Most of us in our late 50s and 60s live and work in families, groups and organizations in which a new generation -- our children's generation -- is flexing its leadership muscles. It's not that they're taking over, but they are asserting themselves as autonomous, independent adults, colleagues and even parents.
And they are making mistakes. Sometimes lots of mistakes. As young adults they simply lack the knowledge, skill, or experience to get it right most, or even much, of the time.
And they're, well, different from we are. They see the world differently, work and play and relate differently -- even value differently than we do.
And they threaten us. What if they turn out to be smarter, more talented, and more successful than we are? What if they don't respect us? What if they don't need us?
Let's stop that line of thinking. For the truth is, we were such newly minted adults not that many years ago. And our parent's generation had some of the same feelings about us.
You know, one of the interesting advantages of middle age is the perspective it can provide on being a young adult. Though our chronological age may indicate we have attained a significant distance from those early adult years, our memories often bridge this distance with sometimes startling and uncomfortable clarity.
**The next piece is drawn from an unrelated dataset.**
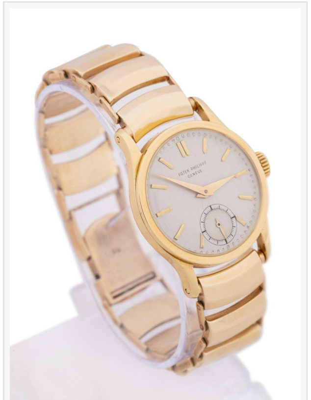
Patek Philippe Calatrava 18k gold men's watch with a manual movement, silvered dial with gold markers and seconds dial, and 14k yellow gold link bracelet. Estimate: $10,000-$14,000

A Tiffany & Co. "Atlas" toggle chain link necklace in 18k yellow gold and showing the maker's mark, "2003", "750" and "Italy" to the side of the pendant, is expected to command $6,000-$9,000. The necklace is 1.7 inches long and 0.875 inches in diameter, with a total weight of 82.1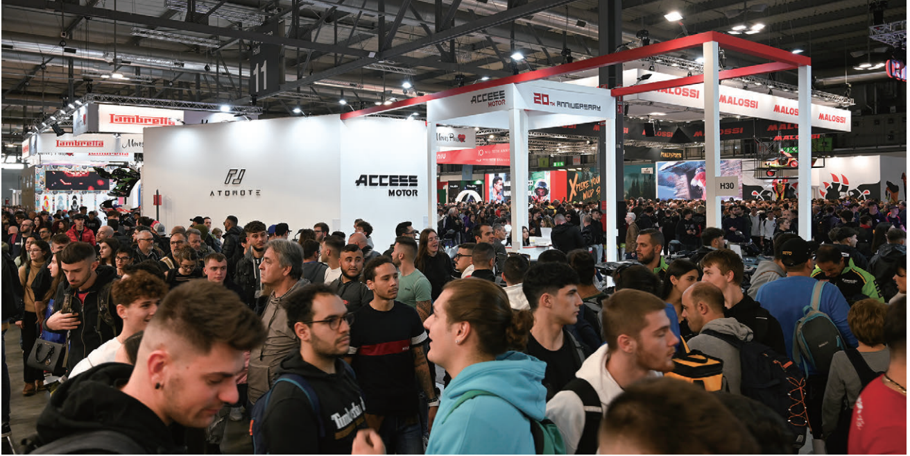
- 2024 EICMA Hall 11 Booth H30

with 2025 Line-Up and Debut of ATOMOTE Electric ATV Prototype

And it is these memories that can help us bridge the gap between today's young adults and us middle-agers.
Each generation's experience is both different and the same. We all play out the same developmental themes, but in different environments. We all struggle with what it means to be an adult, to make choices, to be responsible, to find connectedness and meaning in life.
Doing such struggling in the '60s and '70s was different from doing it in the 21st century, but the underlying issues are the same.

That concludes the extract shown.